### PROMPT
Please repeat exactly the lines below from the one containing "原创小组对此事试图与无授权搬" down to the one containing "サイドや後身頃、フードのキルティング切替がアクセントに。", both included, and nothing else.

[Start of section]

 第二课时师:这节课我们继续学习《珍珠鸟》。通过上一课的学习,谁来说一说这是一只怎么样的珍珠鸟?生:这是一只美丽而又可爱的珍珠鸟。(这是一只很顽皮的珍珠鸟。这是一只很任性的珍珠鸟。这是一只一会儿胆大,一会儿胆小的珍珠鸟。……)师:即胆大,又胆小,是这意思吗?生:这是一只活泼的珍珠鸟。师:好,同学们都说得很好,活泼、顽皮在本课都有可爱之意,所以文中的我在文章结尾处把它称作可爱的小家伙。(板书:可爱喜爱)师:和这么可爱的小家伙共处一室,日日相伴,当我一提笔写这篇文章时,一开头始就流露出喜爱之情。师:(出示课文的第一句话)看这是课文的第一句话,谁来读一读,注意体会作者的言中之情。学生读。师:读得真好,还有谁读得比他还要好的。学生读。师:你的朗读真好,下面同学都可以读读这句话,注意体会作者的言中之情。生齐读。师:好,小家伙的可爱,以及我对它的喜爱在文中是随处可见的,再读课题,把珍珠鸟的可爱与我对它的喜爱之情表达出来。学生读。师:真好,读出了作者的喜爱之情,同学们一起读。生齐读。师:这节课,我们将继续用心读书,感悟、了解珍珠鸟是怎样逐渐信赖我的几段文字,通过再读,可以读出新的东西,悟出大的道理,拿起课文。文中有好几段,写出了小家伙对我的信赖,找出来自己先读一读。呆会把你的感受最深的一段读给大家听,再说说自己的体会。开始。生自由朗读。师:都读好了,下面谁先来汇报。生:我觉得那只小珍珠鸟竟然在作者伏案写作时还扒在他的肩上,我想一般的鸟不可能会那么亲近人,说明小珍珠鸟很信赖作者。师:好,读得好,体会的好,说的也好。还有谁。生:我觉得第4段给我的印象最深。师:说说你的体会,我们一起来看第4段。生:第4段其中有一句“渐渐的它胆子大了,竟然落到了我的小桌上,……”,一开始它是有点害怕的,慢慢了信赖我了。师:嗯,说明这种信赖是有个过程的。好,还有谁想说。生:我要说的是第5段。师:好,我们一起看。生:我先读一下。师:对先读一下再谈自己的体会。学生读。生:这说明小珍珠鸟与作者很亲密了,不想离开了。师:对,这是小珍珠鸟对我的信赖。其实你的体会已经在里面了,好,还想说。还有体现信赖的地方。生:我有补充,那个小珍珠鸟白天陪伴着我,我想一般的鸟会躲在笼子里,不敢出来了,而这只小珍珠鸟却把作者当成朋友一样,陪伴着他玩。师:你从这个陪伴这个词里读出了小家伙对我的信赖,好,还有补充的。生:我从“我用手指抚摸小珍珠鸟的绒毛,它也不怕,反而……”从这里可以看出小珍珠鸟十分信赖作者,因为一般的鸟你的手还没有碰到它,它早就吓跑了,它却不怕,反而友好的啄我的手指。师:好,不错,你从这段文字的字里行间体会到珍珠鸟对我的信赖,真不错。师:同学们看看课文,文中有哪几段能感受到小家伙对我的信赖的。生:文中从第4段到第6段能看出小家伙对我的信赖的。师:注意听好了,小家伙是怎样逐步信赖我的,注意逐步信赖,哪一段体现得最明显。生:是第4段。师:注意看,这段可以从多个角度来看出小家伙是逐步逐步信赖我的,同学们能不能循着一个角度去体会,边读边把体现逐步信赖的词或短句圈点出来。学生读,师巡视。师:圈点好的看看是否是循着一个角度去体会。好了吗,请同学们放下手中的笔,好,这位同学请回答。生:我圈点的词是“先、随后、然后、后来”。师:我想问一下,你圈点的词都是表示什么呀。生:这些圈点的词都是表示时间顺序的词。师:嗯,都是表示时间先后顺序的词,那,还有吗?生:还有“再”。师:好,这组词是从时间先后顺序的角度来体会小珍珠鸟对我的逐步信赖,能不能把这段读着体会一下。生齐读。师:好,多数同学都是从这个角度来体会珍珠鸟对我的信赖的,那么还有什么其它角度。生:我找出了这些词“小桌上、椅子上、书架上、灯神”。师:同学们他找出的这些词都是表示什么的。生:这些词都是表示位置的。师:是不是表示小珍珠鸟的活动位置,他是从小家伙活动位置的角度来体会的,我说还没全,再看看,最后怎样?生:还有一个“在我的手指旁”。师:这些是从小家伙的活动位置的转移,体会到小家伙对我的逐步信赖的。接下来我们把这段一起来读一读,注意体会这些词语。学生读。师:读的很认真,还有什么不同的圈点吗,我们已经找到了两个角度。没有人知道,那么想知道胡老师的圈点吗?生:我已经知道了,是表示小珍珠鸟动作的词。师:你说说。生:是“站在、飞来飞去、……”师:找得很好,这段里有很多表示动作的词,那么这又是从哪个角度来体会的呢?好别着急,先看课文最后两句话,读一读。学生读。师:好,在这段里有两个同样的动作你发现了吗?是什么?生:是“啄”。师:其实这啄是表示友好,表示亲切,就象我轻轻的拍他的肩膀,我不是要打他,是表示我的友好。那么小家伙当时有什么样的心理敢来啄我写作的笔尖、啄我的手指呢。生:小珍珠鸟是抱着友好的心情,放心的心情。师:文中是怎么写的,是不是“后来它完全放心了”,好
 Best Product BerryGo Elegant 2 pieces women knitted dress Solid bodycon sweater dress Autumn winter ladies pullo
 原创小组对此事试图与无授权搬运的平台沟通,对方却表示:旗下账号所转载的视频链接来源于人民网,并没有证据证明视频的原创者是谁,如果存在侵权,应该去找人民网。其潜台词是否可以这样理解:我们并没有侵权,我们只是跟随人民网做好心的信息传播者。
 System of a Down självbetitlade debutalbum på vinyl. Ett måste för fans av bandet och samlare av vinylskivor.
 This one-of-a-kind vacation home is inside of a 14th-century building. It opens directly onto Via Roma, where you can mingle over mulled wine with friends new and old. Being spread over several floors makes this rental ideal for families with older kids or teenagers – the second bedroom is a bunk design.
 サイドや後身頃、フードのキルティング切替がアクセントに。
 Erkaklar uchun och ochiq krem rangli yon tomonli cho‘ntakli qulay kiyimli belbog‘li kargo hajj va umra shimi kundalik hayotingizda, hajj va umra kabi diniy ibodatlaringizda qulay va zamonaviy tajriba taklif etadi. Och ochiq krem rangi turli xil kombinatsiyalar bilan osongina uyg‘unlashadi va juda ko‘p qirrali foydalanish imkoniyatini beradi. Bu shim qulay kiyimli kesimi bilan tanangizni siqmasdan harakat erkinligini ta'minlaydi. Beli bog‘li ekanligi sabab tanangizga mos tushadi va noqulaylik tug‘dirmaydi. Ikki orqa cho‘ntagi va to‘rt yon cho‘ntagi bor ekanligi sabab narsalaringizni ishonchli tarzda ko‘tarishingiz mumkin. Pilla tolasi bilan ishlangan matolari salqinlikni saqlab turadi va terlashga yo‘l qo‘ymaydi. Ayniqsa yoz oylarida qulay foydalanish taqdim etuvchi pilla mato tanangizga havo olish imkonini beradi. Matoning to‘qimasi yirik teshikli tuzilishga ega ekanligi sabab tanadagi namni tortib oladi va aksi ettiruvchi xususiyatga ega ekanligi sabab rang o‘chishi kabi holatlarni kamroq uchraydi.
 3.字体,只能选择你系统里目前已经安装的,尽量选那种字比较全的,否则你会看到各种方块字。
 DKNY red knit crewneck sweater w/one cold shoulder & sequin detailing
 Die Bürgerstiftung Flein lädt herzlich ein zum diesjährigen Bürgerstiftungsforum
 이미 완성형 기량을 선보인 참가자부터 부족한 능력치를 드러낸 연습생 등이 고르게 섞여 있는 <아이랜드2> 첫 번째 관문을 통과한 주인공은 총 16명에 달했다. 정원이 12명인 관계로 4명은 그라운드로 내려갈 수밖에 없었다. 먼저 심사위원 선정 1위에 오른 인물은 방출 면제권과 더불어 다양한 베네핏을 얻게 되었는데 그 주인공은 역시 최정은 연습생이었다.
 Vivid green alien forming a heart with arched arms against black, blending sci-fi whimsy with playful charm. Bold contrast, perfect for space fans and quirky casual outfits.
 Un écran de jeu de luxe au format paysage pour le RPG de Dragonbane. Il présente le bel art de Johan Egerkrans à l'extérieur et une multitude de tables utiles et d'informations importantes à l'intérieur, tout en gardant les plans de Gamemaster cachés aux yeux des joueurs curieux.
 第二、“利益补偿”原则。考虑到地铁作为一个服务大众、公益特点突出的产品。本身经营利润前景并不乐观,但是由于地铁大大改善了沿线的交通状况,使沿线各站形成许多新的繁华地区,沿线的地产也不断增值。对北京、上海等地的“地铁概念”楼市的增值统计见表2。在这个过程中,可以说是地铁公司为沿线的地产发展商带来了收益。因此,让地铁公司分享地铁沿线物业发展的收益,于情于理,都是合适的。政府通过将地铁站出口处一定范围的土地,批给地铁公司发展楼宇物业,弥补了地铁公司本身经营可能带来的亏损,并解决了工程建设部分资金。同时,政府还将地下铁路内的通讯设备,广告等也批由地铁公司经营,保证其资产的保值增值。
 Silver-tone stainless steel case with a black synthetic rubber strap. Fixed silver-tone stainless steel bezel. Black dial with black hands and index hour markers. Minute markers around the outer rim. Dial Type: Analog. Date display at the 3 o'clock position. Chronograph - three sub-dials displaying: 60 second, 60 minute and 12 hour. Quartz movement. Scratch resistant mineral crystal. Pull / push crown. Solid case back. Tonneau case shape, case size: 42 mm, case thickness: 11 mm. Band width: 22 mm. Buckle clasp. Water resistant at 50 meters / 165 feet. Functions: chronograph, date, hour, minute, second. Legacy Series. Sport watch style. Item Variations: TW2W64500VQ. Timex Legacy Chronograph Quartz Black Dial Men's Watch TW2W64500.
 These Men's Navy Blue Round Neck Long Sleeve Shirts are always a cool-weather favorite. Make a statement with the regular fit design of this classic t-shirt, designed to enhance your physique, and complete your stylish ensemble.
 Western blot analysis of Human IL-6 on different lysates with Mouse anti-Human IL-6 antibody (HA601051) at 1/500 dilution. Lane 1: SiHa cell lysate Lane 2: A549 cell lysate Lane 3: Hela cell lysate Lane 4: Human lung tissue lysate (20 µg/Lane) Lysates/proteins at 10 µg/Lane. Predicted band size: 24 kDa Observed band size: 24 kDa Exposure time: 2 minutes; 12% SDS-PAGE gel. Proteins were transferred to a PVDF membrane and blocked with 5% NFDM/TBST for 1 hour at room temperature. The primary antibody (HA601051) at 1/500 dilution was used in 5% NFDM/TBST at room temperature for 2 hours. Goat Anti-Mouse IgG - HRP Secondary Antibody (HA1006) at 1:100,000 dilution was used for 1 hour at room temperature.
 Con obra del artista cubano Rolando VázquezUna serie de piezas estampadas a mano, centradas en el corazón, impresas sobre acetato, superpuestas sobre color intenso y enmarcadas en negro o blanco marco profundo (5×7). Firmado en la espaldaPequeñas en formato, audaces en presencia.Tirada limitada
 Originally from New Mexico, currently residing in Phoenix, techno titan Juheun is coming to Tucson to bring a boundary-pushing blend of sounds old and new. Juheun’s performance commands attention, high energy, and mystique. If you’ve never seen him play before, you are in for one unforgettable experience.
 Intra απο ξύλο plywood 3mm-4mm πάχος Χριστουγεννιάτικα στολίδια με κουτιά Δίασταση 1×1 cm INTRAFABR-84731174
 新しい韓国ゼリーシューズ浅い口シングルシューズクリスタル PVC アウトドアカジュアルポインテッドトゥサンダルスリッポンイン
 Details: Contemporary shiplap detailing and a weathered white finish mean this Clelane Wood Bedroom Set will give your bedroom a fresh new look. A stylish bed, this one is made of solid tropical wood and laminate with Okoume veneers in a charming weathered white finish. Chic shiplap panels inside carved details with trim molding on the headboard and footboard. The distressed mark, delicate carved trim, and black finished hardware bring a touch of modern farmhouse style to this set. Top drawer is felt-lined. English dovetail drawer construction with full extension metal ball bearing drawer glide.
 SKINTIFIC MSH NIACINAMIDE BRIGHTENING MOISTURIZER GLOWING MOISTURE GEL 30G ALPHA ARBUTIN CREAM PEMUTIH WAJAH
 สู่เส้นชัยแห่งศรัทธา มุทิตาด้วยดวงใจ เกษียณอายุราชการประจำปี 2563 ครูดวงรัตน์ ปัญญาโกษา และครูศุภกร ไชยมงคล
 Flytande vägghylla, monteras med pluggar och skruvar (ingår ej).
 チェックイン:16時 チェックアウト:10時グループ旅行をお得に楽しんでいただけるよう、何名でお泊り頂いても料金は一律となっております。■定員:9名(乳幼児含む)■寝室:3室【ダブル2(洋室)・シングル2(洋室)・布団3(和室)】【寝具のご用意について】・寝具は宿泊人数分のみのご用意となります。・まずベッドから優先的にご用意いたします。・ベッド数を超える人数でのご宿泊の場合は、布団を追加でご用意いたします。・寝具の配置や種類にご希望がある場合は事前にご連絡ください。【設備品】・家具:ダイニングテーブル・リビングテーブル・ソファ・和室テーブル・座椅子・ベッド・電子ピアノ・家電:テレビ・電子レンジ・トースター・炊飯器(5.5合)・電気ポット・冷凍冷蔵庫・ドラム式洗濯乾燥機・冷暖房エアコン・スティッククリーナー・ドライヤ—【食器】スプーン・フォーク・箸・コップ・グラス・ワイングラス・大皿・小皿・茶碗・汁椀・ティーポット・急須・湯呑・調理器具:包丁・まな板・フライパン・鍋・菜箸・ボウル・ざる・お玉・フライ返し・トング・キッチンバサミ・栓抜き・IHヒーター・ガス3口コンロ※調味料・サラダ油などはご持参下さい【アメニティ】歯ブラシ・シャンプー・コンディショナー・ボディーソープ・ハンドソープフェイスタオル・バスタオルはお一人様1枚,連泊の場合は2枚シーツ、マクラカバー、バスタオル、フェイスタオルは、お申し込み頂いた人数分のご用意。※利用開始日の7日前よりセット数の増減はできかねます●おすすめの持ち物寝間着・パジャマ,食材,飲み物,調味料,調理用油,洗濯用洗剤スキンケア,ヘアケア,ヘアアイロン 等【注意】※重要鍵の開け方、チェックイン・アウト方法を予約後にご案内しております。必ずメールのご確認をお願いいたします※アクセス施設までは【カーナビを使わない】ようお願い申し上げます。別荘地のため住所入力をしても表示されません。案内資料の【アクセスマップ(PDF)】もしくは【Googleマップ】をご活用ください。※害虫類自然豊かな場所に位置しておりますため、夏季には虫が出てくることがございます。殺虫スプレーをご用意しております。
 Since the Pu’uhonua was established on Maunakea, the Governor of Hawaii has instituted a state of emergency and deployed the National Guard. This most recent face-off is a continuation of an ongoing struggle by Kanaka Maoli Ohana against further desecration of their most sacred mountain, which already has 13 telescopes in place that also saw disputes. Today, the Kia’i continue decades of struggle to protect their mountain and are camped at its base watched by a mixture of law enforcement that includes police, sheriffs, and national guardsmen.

[End of section]

### ANSWER TO THE PROBLEM
 原创小组对此事试图与无授权搬运的平台沟通,对方却表示:旗下账号所转载的视频链接来源于人民网,并没有证据证明视频的原创者是谁,如果存在侵权,应该去找人民网。其潜台词是否可以这样理解:我们并没有侵权,我们只是跟随人民网做好心的信息传播者。
 System of a Down självbetitlade debutalbum på vinyl. Ett måste för fans av bandet och samlare av vinylskivor.
 This one-of-a-kind vacation home is inside of a 14th-century building. It opens directly onto Via Roma, where you can mingle over mulled wine with friends new and old. Being spread over several floors makes this rental ideal for families with older kids or teenagers – the second bedroom is a bunk design.
 サイドや後身頃、フードのキルティング切替がアクセントに。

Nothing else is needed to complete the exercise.